The Bailout Buzz
Time looks at the reaction to the House bill in Why Main Street Is Mad: Scenes from a Financial Crisis. The article includes remarks from Jay Inslee, the only Washington State Democrat to vote against the bailout in the House:
The correspondence from his constituents fell into three camps, Inslee says. The first group thinks any bailout is an outrage at a time when CEOs have been getting such huge bonuses. These people, says Inslee, “are so outraged, they don’t get past that.” The second group comprises people who recognize the need to intervene to avert further financial calamity “but are absolutely outraged that we’d do something that is so inequitable to Main Street.” This group, he says, is considerably larger than the first and wants a more balanced bill. Finally, Inslee says, there is a third group that “is in favor of doing anything because the situation is so dire. And his name is Bob.” Inslee isn’t being facetious: it is a group of one, a constituent named Bob, who avidly promotes the view.
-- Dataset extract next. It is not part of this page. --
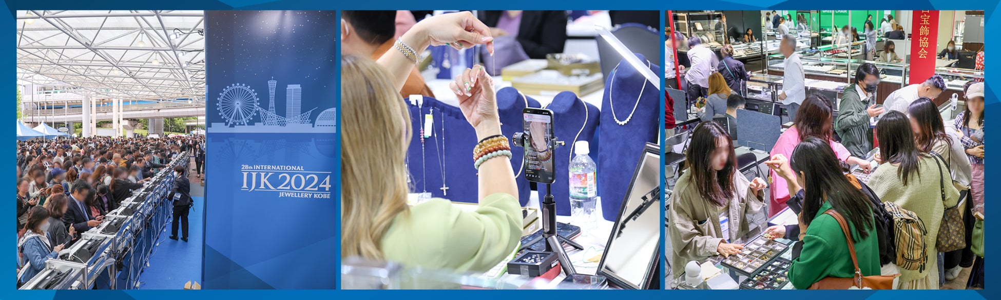 神戸国際宝飾展[通称:IJK]は、西日本最大※1の宝石の祭典として、あらゆる種類のジュエリー・アクセサリーが一堂に集結し、『実際に見て、比べて、特別価格で仕入れができる』展示会。宝飾卸・メーカーが出展し、バイヤー、宝飾品ビジネスに関心のある方、ハンドメイド作家・クリエイターが仕入れやブランド導入を行います。昨年(2024年)は13,674名が来場し、今年は14,000名が来場予定です。第29回を迎える本展には460社が出展予定で、過去最大規模の開催となります。88万点のジュエリー、50万点の素材・パーツが出展予定ですので、ぜひ本展を仕入れの場としてご活用ください。

All 451 pages of the Senate bill [PDF] would seem to be the House bill with tax breaks, so the government will be even less able to pay off its huge deficits. There is still no input sought from economists. The Senate is sugar-coating the bill with tax cuts to suck in more Republicans in the House.
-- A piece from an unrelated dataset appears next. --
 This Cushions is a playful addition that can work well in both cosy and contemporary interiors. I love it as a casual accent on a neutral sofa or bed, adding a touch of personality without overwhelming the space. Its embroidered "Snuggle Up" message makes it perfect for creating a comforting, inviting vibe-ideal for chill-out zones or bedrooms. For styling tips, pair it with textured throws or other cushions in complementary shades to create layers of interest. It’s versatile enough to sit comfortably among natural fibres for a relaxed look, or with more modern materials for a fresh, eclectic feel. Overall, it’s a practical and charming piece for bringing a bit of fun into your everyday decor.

This isn’t policy, it’s politics. It’s still a bailout, not a “rescue”, and it only helps Wall Street.
2 comments
The majority of these Senators are completely out of touch with their constituents. They don’t understand that there is a lot of anger out here in regular-folk-ville. We don’t want to help wall street. We want them to take their lumps. We realize there will be financial pain if we don’t. But we also suspect there will be financial pain for us if we do bail them out. We want some protection for our tax dollars but we don’t see that in this bill. They act like it’s business as usual. It’s time for new representation.
The people voting on this bill don’t understand the problem, and it is in the interest of Wall Street that the ignorance continues. Wall Street was allowed to go crazy, and there are elements of this bill that increase the likelihood that the insanity will get worse, not better.
You don’t decrease regulation on the people who have broken what few rules still exist, but that’s included in this bill.